The Old Testament uses the metaphor of drinking in discussing God’s plan for human lives. The cup we are given to drink can be a blessing of prosperity or an affliction of judgement. David thanks God because his “cup overflows” (Psalm 23:5) and says, “you have assigned me my portion and my cup; you have made my lot secure.” (Psalm 16:5) David also declares that for his enemies, “fire and sulfur and a scorching wind shall be the portion of their cup.” (Psalm 11:6) In the same way, the cup of God’s wrath is mentioned in Isaiah, Jeremiah, Lamentations, Ezekiel, Habakkuk, and Zechariah.
In which cup is Jesus referring when he prays to the Father in Gethsemane?
If anyone should have been able to drink the cup of prosperity, it should have been Jesus. Sinless… blameless… compassionate… Jesus lived only to say and do what his Father wanted. (John 6:38) The voice from heaven declared that God was pleased with him. (Mark 1:11) Surely this Messiah would drink from the cup of blessing just asa David did?

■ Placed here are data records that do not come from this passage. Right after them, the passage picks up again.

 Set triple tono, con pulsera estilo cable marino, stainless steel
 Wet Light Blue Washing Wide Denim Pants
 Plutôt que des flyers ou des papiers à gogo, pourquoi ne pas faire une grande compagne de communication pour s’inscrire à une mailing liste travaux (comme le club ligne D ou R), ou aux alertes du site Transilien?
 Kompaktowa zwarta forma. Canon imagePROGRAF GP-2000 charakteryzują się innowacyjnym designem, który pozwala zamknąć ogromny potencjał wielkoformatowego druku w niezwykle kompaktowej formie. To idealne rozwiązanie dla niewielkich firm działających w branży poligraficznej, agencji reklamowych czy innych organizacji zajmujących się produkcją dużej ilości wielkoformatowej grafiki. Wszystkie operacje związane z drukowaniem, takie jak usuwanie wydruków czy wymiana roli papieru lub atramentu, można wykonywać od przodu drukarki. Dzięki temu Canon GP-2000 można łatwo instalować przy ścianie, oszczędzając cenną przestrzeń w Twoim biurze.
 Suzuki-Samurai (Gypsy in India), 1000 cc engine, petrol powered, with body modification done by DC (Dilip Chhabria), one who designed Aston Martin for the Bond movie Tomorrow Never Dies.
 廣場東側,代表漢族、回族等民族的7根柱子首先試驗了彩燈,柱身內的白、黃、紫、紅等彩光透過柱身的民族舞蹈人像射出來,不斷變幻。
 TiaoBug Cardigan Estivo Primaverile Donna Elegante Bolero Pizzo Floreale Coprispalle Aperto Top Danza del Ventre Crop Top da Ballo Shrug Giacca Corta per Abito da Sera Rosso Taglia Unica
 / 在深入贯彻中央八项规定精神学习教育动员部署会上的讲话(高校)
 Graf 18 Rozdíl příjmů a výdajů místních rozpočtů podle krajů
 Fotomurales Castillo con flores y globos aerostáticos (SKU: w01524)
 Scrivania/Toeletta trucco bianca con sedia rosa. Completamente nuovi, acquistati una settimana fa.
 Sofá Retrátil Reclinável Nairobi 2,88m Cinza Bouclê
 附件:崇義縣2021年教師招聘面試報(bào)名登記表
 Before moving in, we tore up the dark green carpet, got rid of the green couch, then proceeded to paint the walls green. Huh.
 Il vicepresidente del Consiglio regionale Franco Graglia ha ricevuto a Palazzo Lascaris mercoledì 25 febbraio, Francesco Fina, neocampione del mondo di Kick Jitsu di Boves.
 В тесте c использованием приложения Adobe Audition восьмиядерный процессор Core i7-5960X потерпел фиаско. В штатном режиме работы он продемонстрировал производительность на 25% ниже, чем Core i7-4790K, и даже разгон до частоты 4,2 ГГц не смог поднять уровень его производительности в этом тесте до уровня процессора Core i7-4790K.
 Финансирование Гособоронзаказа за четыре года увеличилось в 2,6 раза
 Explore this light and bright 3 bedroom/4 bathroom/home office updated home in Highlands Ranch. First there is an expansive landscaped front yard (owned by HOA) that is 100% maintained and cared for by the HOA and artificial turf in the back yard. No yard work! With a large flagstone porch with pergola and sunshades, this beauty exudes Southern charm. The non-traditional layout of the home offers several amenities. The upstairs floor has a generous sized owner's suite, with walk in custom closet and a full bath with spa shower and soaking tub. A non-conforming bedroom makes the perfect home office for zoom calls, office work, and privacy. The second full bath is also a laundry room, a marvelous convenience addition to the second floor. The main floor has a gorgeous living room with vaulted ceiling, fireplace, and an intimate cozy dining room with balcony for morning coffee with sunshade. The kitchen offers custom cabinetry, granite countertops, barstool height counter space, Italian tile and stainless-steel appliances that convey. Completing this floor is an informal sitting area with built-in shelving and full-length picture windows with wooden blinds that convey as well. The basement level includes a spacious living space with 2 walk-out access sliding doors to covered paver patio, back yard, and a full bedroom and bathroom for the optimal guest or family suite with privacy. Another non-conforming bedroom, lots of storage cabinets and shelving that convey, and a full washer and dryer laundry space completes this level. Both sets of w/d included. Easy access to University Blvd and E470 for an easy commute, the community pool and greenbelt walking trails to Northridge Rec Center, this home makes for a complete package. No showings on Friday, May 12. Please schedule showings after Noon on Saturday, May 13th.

Jesus knew that the cup he faced was his suffering and death of the cross. The cup that ought to have been ours – the cup of God’s judgement – Jesus reached over and drank from instead. He did not deserve God’s wrath, but he became the sin that plagued us. (2 Corinthians 5:21) Jesus was given the bitter cup of suffering and was truly revealed as the Messiah we needed.
If that wasn’t enough to show the love of the Father and Son for us, the news gets even better. The cup of favor – the cup that should have been for Jesus alone – is handed to us. Not only was he made to be sin for us, but it was done that “we might become the righteousness of God.” (2 Corinthians 5:21) We enjoy the same relationship to the Father that Jesus enjoyed! We’re the children of God! We sit at the table of the Lord! We drink from the cup of salvation rather than the cup of devastation.
This wonderful exchange is available to every person. Jesus accepted the bitter cup for you. Will you accept the cup of God’s favor? He holds it out to you.